◆ Try it
Using the listing below, copy exactly the lines from the one containing "(아름다운교육신문) 천안시는 2일" to the one containing "Say hello to", both lines included, and no others.

◆ Available data

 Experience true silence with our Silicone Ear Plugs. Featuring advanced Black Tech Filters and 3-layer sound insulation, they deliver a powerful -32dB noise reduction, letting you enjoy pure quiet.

==

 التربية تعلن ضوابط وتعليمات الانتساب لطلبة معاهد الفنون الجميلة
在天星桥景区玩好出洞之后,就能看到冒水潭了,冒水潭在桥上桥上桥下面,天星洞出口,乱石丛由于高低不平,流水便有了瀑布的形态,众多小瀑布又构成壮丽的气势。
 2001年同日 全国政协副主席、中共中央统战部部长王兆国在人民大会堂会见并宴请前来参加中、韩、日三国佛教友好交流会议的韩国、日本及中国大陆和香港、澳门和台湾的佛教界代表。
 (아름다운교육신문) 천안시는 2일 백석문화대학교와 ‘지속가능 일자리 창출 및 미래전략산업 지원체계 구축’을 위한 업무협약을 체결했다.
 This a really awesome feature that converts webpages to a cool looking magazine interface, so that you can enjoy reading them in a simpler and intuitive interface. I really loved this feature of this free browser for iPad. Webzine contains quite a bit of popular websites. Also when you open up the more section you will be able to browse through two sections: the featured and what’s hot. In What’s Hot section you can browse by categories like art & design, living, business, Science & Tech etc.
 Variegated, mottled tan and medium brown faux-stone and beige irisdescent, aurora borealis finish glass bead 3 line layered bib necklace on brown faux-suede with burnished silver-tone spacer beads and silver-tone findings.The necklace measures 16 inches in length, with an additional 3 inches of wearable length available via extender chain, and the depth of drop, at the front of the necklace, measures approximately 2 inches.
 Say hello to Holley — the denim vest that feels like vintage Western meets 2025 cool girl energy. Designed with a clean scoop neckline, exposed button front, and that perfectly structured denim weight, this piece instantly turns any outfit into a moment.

◆ Solution for this problem
 (아름다운교육신문) 천안시는 2일 백석문화대학교와 ‘지속가능 일자리 창출 및 미래전략산업 지원체계 구축’을 위한 업무협약을 체결했다.
 This a really awesome feature that converts webpages to a cool looking magazine interface, so that you can enjoy reading them in a simpler and intuitive interface. I really loved this feature of this free browser for iPad. Webzine contains quite a bit of popular websites. Also when you open up the more section you will be able to browse through two sections: the featured and what’s hot. In What’s Hot section you can browse by categories like art & design, living, business, Science & Tech etc.
 Variegated, mottled tan and medium brown faux-stone and beige irisdescent, aurora borealis finish glass bead 3 line layered bib necklace on brown faux-suede with burnished silver-tone spacer beads and silver-tone findings.The necklace measures 16 inches in length, with an additional 3 inches of wearable length available via extender chain, and the depth of drop, at the front of the necklace, measures approximately 2 inches.
 Say hello to Holley — the denim vest that feels like vintage Western meets 2025 cool girl energy. Designed with a clean scoop neckline, exposed button front, and that perfectly structured denim weight, this piece instantly turns any outfit into a moment.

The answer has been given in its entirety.